What to do: Pictures stay out of the copy; set down each line of the listing below exactly.

Available data:
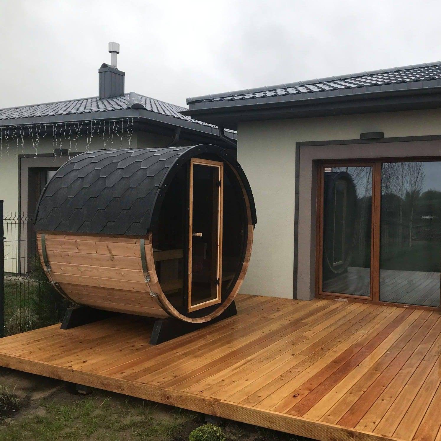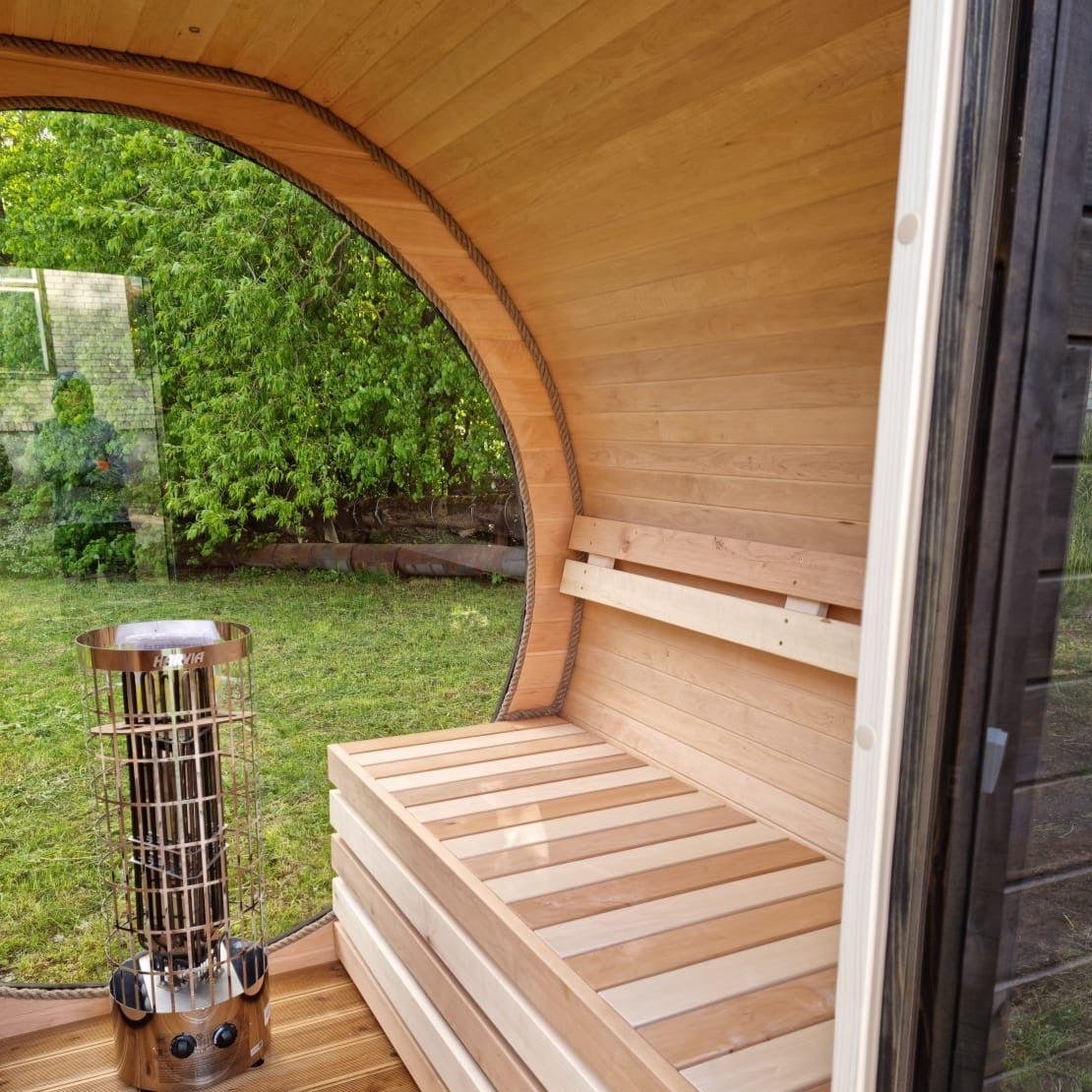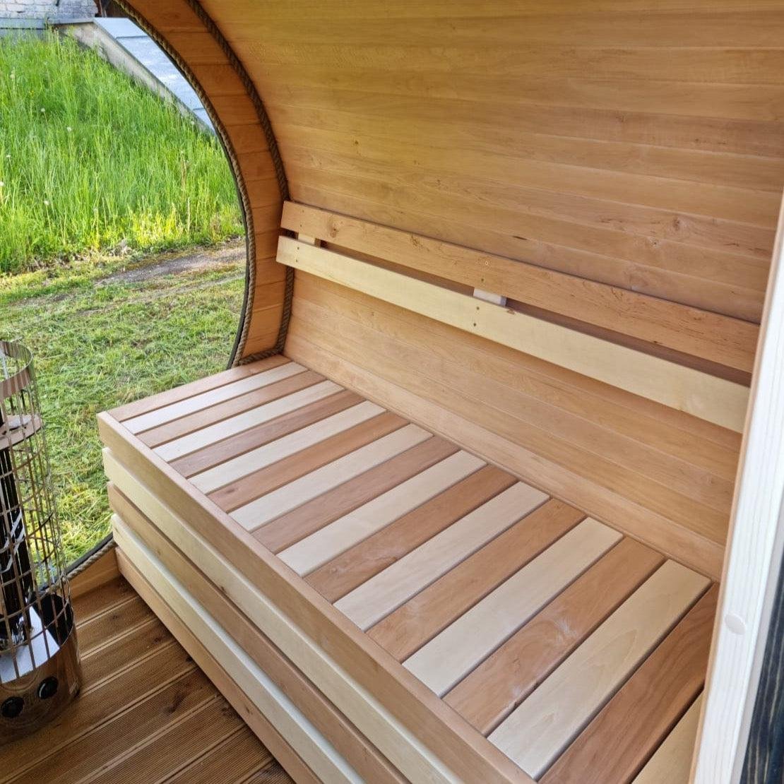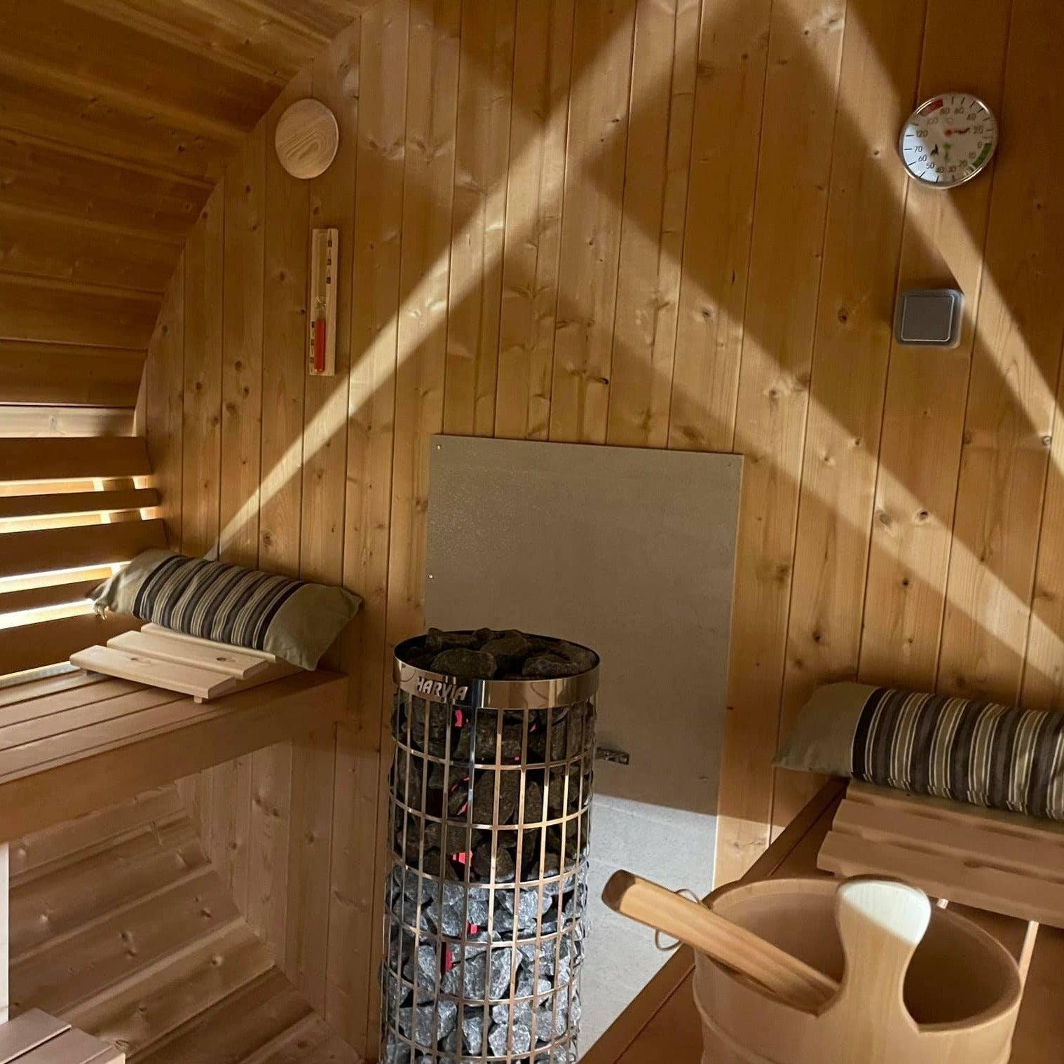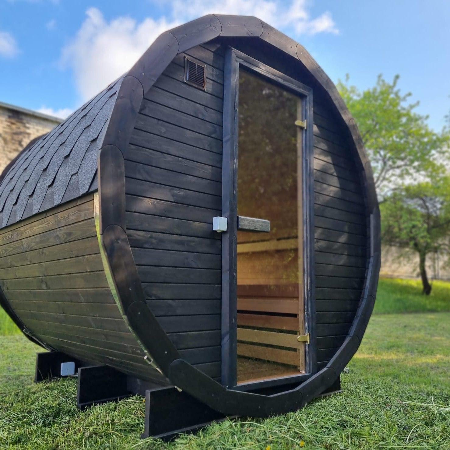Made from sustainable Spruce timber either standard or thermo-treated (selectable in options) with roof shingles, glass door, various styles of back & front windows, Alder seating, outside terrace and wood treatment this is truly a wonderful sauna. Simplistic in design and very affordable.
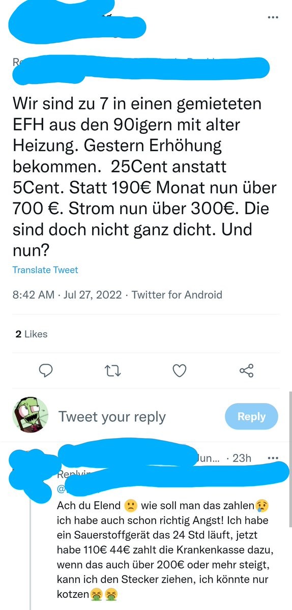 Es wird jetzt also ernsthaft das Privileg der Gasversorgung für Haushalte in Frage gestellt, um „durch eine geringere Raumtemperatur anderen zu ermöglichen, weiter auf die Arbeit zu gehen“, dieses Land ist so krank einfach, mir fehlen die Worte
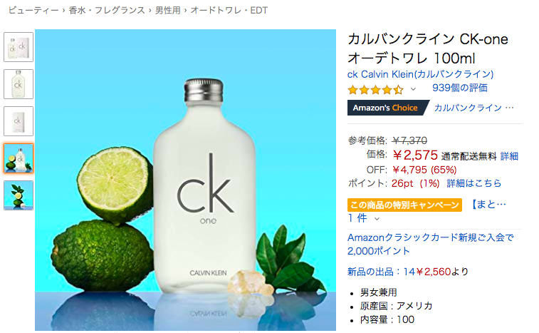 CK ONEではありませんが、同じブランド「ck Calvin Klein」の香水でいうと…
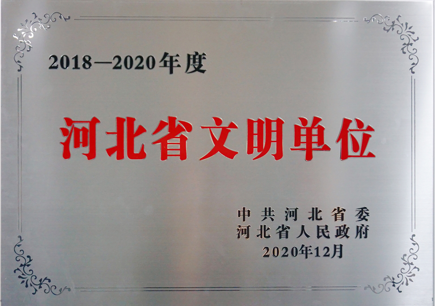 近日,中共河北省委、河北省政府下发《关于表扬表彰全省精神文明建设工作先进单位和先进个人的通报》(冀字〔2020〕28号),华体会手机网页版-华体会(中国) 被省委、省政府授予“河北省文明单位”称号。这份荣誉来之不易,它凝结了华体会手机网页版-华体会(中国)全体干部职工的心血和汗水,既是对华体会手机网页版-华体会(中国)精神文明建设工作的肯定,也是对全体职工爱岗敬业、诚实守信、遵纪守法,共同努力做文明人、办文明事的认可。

Exercise answer:
Made from sustainable Spruce timber either standard or thermo-treated (selectable in options) with roof shingles, glass door, various styles of back & front windows, Alder seating, outside terrace and wood treatment this is truly a wonderful sauna. Simplistic in design and very affordable.
 Es wird jetzt also ernsthaft das Privileg der Gasversorgung für Haushalte in Frage gestellt, um „durch eine geringere Raumtemperatur anderen zu ermöglichen, weiter auf die Arbeit zu gehen“, dieses Land ist so krank einfach, mir fehlen die Worte
 CK ONEではありませんが、同じブランド「ck Calvin Klein」の香水でいうと…
 近日,中共河北省委、河北省政府下发《关于表扬表彰全省精神文明建设工作先进单位和先进个人的通报》(冀字〔2020〕28号),华体会手机网页版-华体会(中国) 被省委、省政府授予“河北省文明单位”称号。这份荣誉来之不易,它凝结了华体会手机网页版-华体会(中国)全体干部职工的心血和汗水,既是对华体会手机网页版-华体会(中国)精神文明建设工作的肯定,也是对全体职工爱岗敬业、诚实守信、遵纪守法,共同努力做文明人、办文明事的认可。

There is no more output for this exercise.